As a rule of thumb, the power P (in horsepower)
that a ship needs can be modeled by P = d^2/3 • s^3 / c where d is the ship’s
displacement (in tons), s is the normal speed (in knots), and c is the Admiralty
coefficient. If a ship displaces 30,090 tons, has a normal speed of 22.5 knots,
and has an Admiralty coefficient of 370, how much power does it need?
P = d^(2/3) + S^(3/c).
d = 30.090 tons.
s = 22.5 knots.
c = 370.
P = (30,090)^(2/3) + (22.5)^(3/370),
P = 967.42 + 1.0256 = 968.45 hp.
To find how much power a ship needs, we can substitute the given values into the equation P = (d^(2/3) • s^3) / c.
Given:
d = 30,090 tons
s = 22.5 knots
c = 370
Substituting these values, we have:
P = (30,090^(2/3) • 22.5^3) / 370
Now, let's break down the calculations step by step:
1. Let's start with 30,090^(2/3):
To raise a number to the power of 2/3, you can take the square root of that number and then square the result. In this case:
30,090^(2/3) = (√30,090)^2
Using a calculator, we find that the square root of 30,090 is approximately 173.41.
So, (√30,090)^2 = 173.41^2
2. Next, let's calculate 22.5^3:
To raise a number to the power of 3, you need to multiply that number by itself twice.
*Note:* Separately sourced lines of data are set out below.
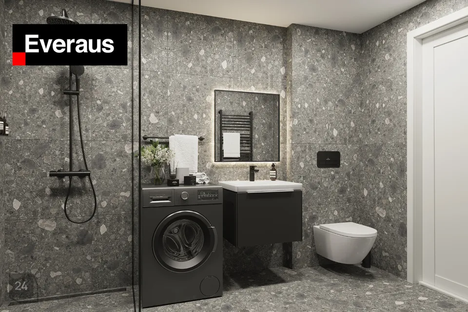 The three-story buildings with an A energy rating (calculated energy efficiency) comprise a total of eight apartments. Ground-floor homes feature large terraces and private yard areas, while second- and third-floor apartments include balconies. Eco-friendly solutions like geothermal heating and apartment-specific ventilation with heat recovery help reduce environmental impact, lower heating costs, and improve living quality. Each apartment comes with an individual energy consumption meter.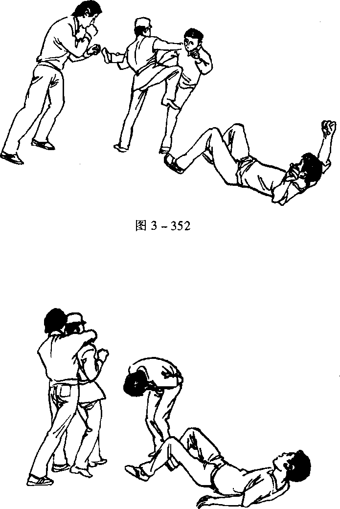 侧撞膝反击其腹肋部(图3-352)而右侧之敌已冲来并从背后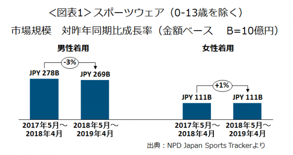 直近1年間計(2018年5月~2019年4月)のスポーツアパレル(0-13歳着用を除く)の日本における市場規模は3800億円で対前年同期比 2%減とマイナス成長でした。これはスポーツアパレル市場( 着用者0-13歳を除く)の70%超を占める着用者男性がマイナス成長(-3%)だったことに起因します。女性着用は、対前年同期比1%増とプラス成長でした(図表1)。
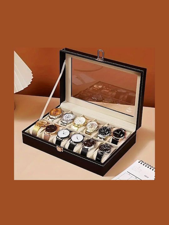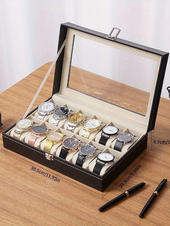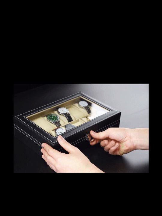 Κομψή και πρακτική θήκη για την ασφαλή αποθήκευση και παρουσίαση έως 12 ρολογιών. Το διάφανο καπάκι επιτρέπει την εύκολη προβολή των ρολογιών χωρίς να χρειάζεται να ανοίξετε τη θήκη, προστατεύοντας ταυτόχρονα από σκόνη και φθορές.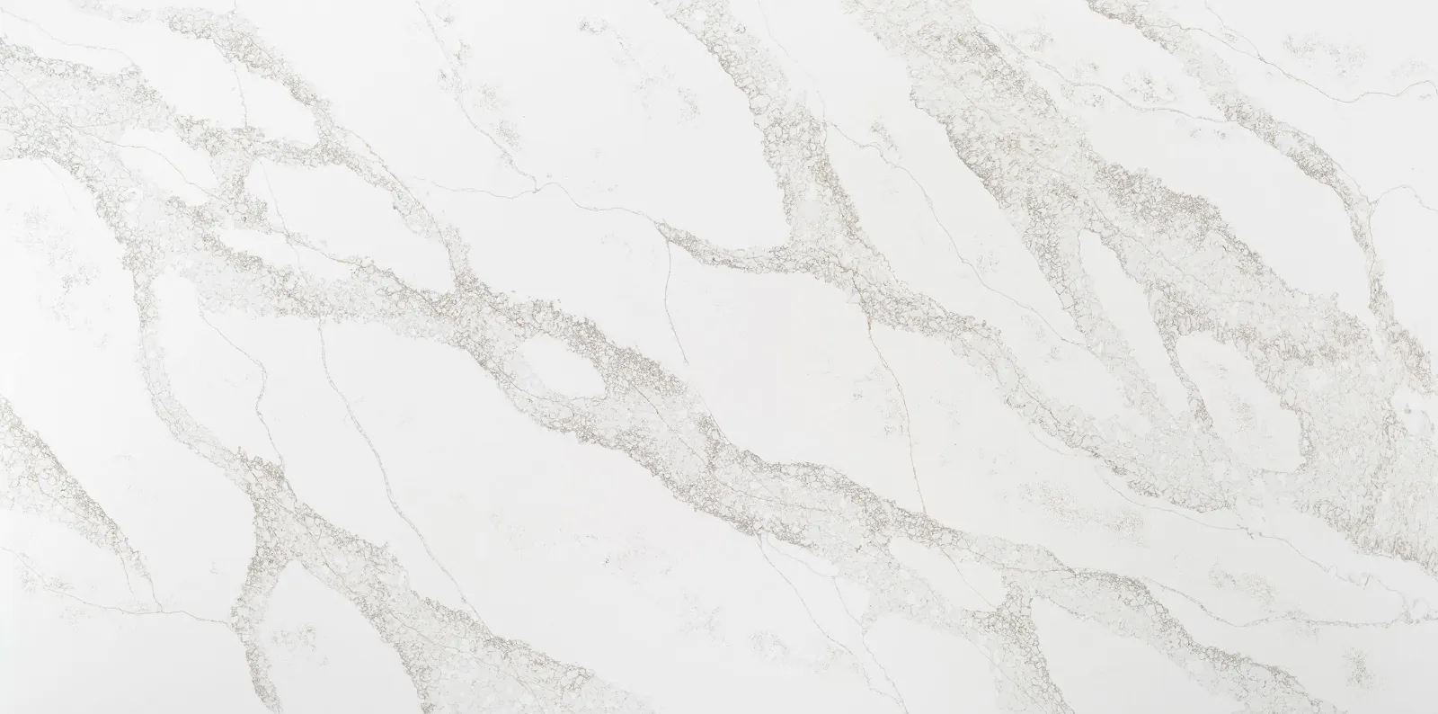 Calacatta marble-inspired quartz, featuring a bright white background with dynamic cream and taupe veining.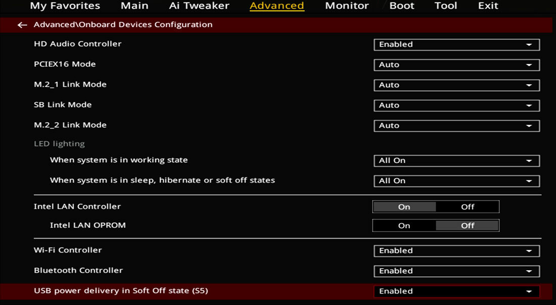 В разделе Advanced собрали все дополнительные опции встроенных контроллеров и режимов работы портов. Есть отдельная группа настроек для технологий центрального процессора.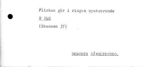 //// H& -,' //// Flickan går i ringen spatserande //// ^ D 2^0 //// (Skansen 37) //// DENCKER SANGLEKSREG. //// HL.....-___.... ....-..... ////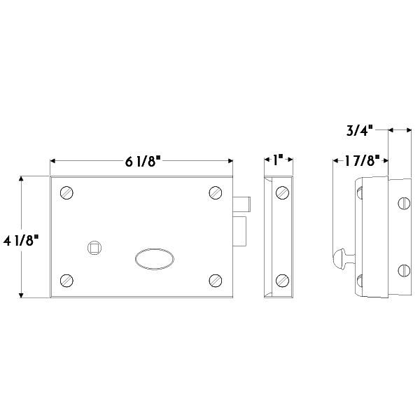 Small cast brass horizontal rim lock with thumb turn.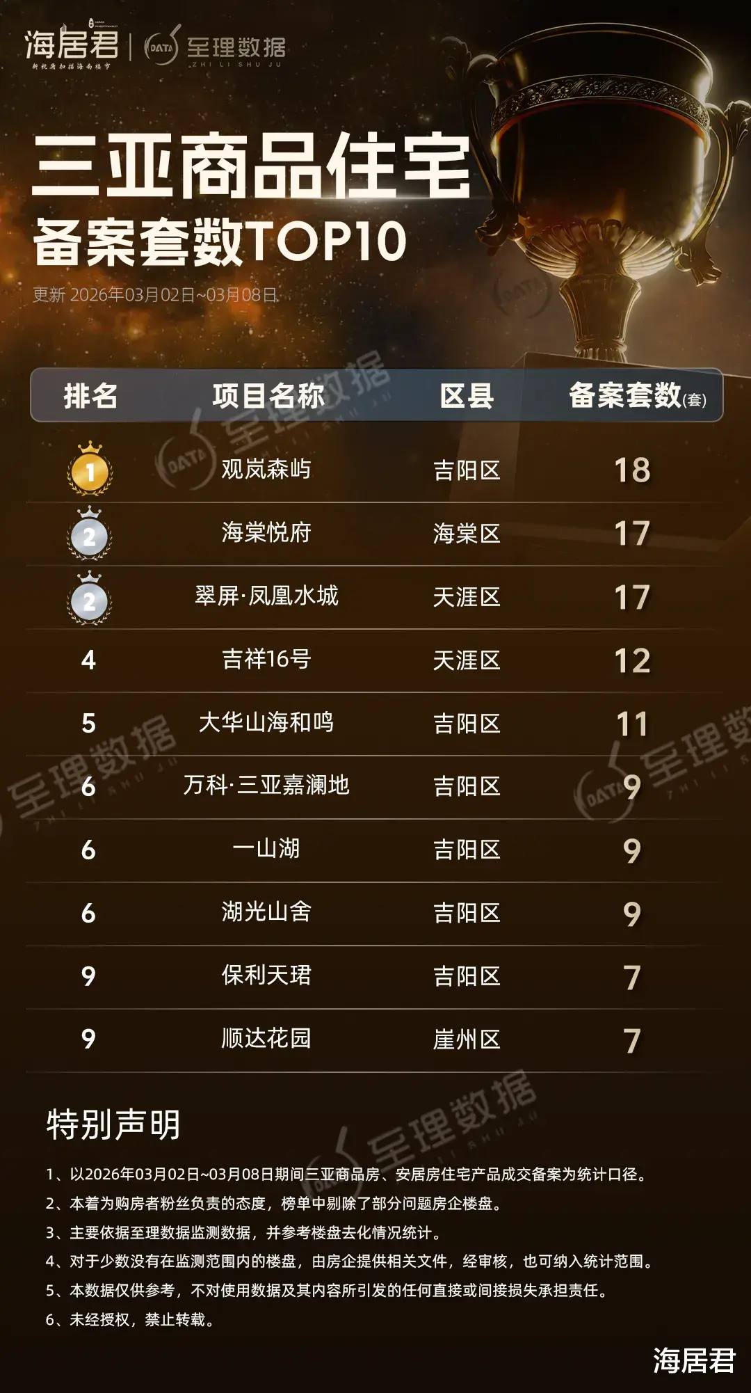 海罗片区观岚森屿集中成交备案18套,跃居榜首;海棠湾的海棠悦府、中心城区的翠屏·凤凰水城均成交备案17套,并列第二位。

In this case:
22.5^3 = 22.5 x 22.5 x 22.5
Using a calculator, we find that 22.5^3 is approximately 11,390.625.
3. Now, let's substitute the calculated values into the equation:
P = (173.41^2 • 11,390.625) / 370
4. Let's evaluate the expression inside the parentheses:
173.41^2 = 30,073.9281
5. Now, let's calculate the numerator:
Numerator = 30,073.9281 • 11,390.625
Using a calculator, we find that the numerator is approximately 342,303,237.9.
6. Finally, let's divide the numerator by 370 to find the power needed:
P = 342,303,237.9 / 370
Using a calculator, we find that P is approximately 925,827.12.
Therefore, the ship needs approximately 925,827.12 horsepower.